Given information:
---+---

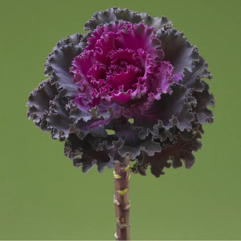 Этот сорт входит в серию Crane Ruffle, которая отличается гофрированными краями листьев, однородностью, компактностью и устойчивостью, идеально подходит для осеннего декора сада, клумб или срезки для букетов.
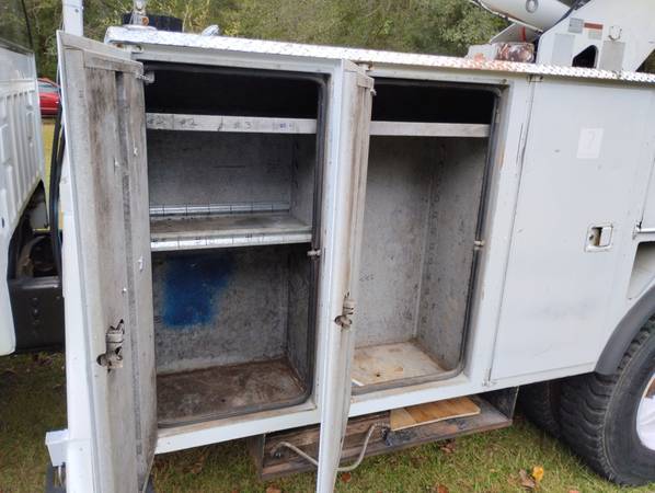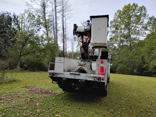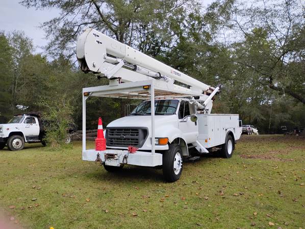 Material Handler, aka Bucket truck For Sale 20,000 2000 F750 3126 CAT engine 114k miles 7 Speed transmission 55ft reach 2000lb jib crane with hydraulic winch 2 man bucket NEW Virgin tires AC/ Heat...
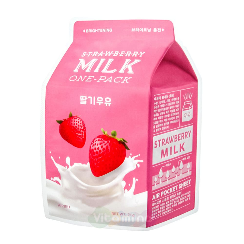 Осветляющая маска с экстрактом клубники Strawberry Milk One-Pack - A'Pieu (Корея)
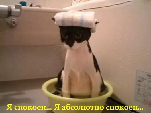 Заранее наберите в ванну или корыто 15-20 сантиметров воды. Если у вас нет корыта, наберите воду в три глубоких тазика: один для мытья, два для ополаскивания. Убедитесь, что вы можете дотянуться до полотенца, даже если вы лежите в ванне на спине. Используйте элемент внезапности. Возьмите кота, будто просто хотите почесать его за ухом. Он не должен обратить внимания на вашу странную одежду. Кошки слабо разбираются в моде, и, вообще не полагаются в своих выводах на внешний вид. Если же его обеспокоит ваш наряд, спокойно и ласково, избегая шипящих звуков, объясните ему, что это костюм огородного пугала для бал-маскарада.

---+---

About this exercise: Leave the pictures out, and print every line of the listing exactly as written.

Task response:
 Этот сорт входит в серию Crane Ruffle, которая отличается гофрированными краями листьев, однородностью, компактностью и устойчивостью, идеально подходит для осеннего декора сада, клумб или срезки для букетов.
 Material Handler, aka Bucket truck For Sale 20,000 2000 F750 3126 CAT engine 114k miles 7 Speed transmission 55ft reach 2000lb jib crane with hydraulic winch 2 man bucket NEW Virgin tires AC/ Heat...
 Осветляющая маска с экстрактом клубники Strawberry Milk One-Pack - A'Pieu (Корея)
 Заранее наберите в ванну или корыто 15-20 сантиметров воды. Если у вас нет корыта, наберите воду в три глубоких тазика: один для мытья, два для ополаскивания. Убедитесь, что вы можете дотянуться до полотенца, даже если вы лежите в ванне на спине. Используйте элемент внезапности. Возьмите кота, будто просто хотите почесать его за ухом. Он не должен обратить внимания на вашу странную одежду. Кошки слабо разбираются в моде, и, вообще не полагаются в своих выводах на внешний вид. Если же его обеспокоит ваш наряд, спокойно и ласково, избегая шипящих звуков, объясните ему, что это костюм огородного пугала для бал-маскарада.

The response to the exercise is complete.